It’s the time of year many Australians look forward to – when a lump sum payment from the tax office appears in your bank account.
But it’s important to keep in mind that your tax return money isn’t ‘free’ or a ‘bonus’ from the government - it was yours all along.
And with Australians receiving an average tax return of $2112, it’s a significant amount that could play a role in creating long-term financial security.
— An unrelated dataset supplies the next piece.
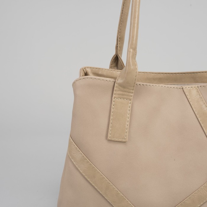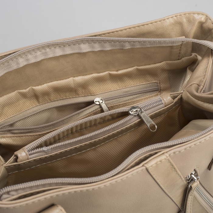 Сумка женская на молнии, 2 отдела, 1 наружный карман, бежевая
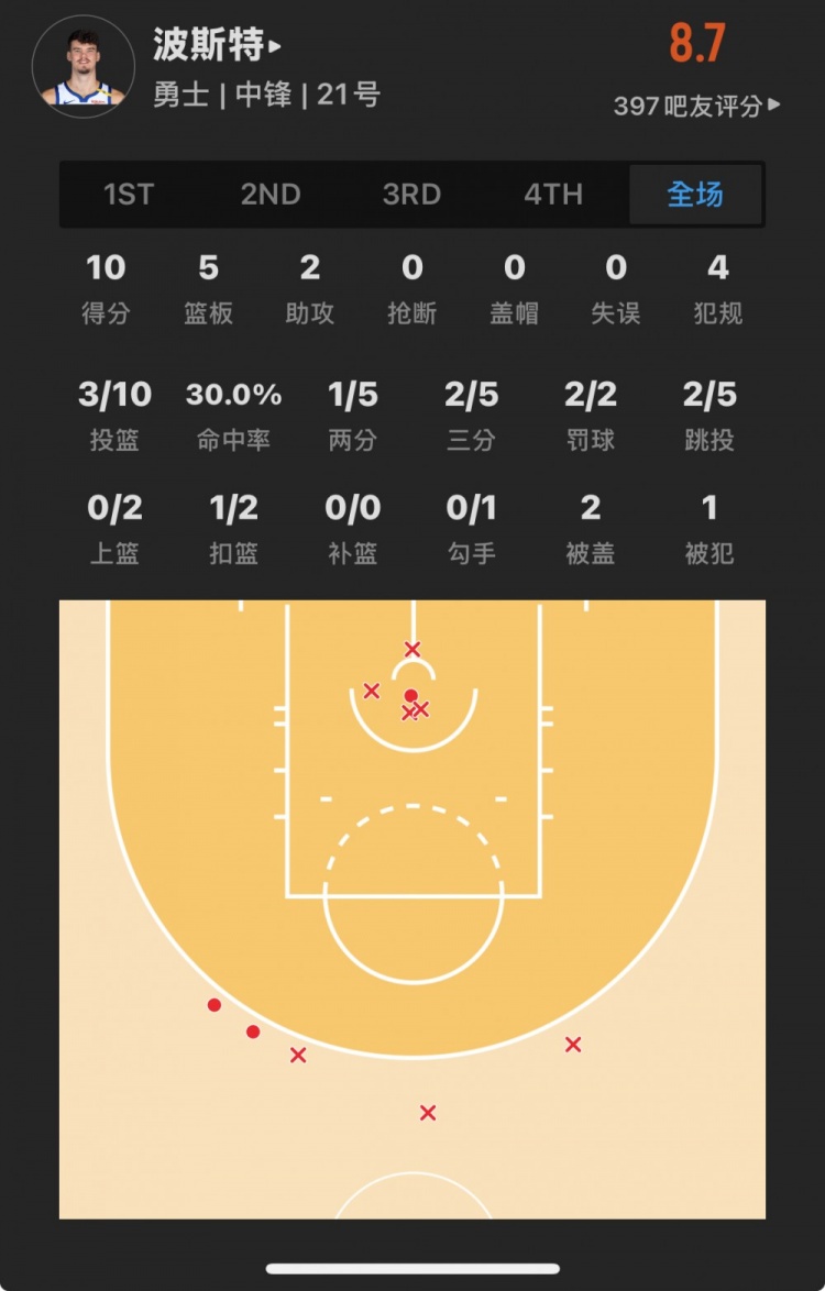 勇士52號(hào)秀 昆滕-波斯特 登場(chǎng)16.1分鐘

In an ASIC MoneySmart poll, 2000 Australians were asked how they used their tax refund
. 29% per cent responded that they paid their bills, 21% saved the money, which could include being put towards a house deposit, while 16% didn’t receive a return and 13% paid off loans and credit cards.
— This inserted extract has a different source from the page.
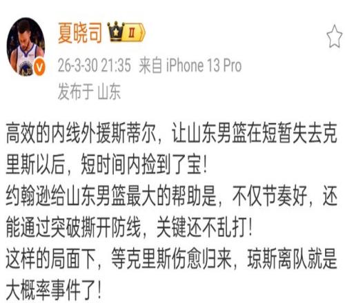 隨著斯蒂爾表現出色,山東男籃現在更換外援的順序發生了改變,瓊斯走的幾乎是沒有什么懸念,畢竟克里斯肯定是要回歸的,斯蒂爾的表現要比瓊斯好很多。
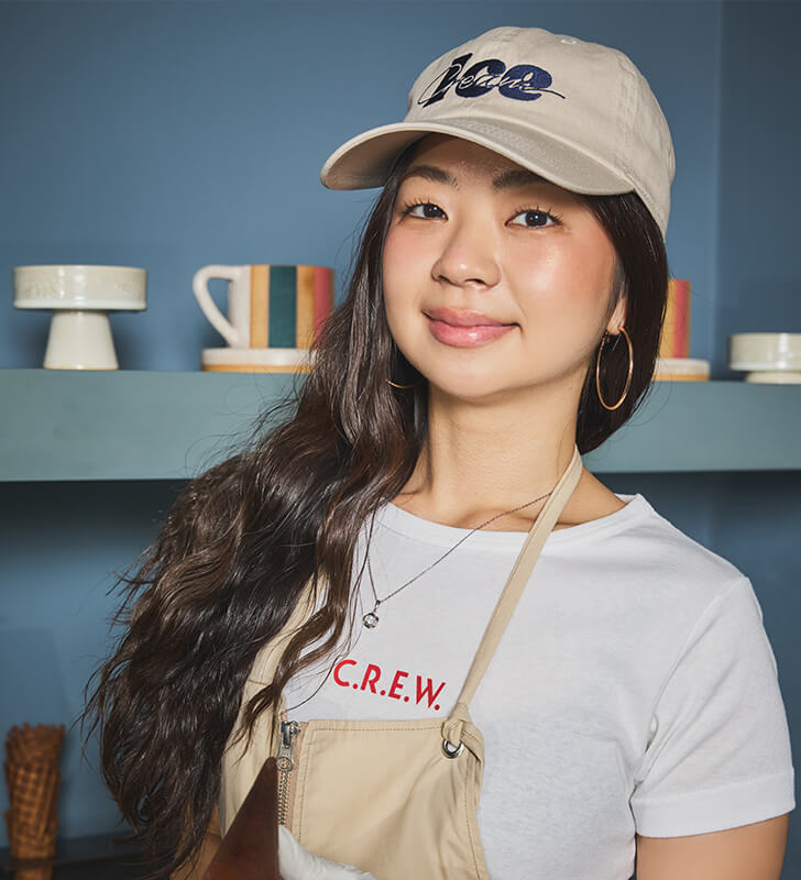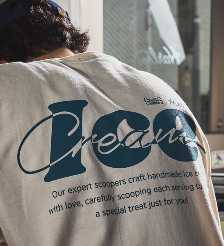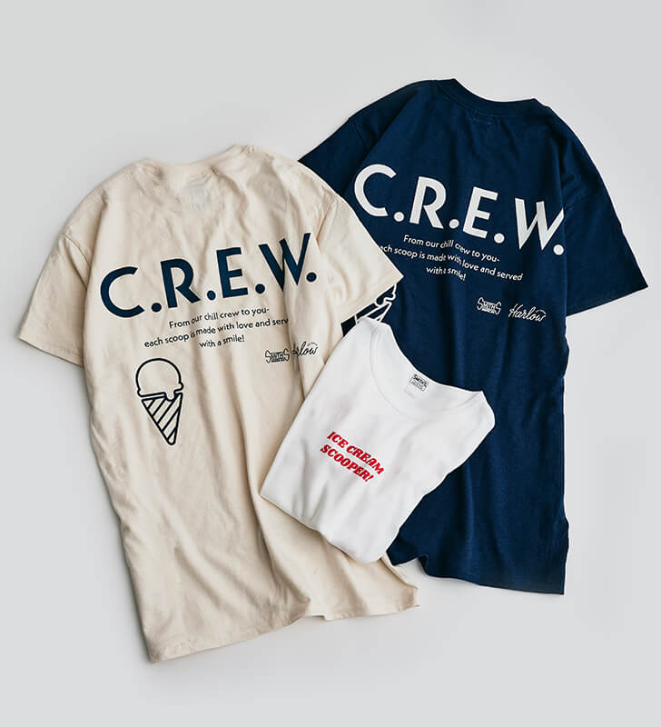 “CREW”と“ICE CREAM SCOOPER”のグラフィックを、前後に刺繍とプリントでデザイン。

With a windfall of funds landing in your bank account, it’s tempting to splash the cash on smashed avocado brunches, trips away, dining out, a new car, or social events.
A 3% deposit loan equates to just $12,900 in deposit for a $430,000 property
. Putting your $2000 tax return towards your home deposit means you’re well on your way to saving the deposit required. Not an amount to be sneered at!
Owning a home is known as the ‘great Australian dream’ – so why is your own home so desirable? Apart from being able to decorate the way your desire, have pets and the security of knowing you won’t be kicked out of a rental, research from Swinburne University found that buying a home had substantial benefits over renting
with the main conclusion revealing that if you’re still renting by the time you hit middle age, there are higher chances you will struggle financially in retirement.
Tax return tip 1: while the amount needed for a home deposit can be hefty, putting your tax return towards your deposit may help you reach the amount required and get you into your own home sooner. Also look at lenders who offer low deposit options or off-the-plan and house and land packages, this can significantly decrease your upfront costs.
Create financial freedom
In the long term, high interest debt on credit cards and personal loans add up significantly. Furthermore if you continually need to pay off interest on personal loans, it will hamper your savings goals.
As of April 2017, there were almost 17 million credit cards in Australia, with each card holder having an average of $4,300 of debt.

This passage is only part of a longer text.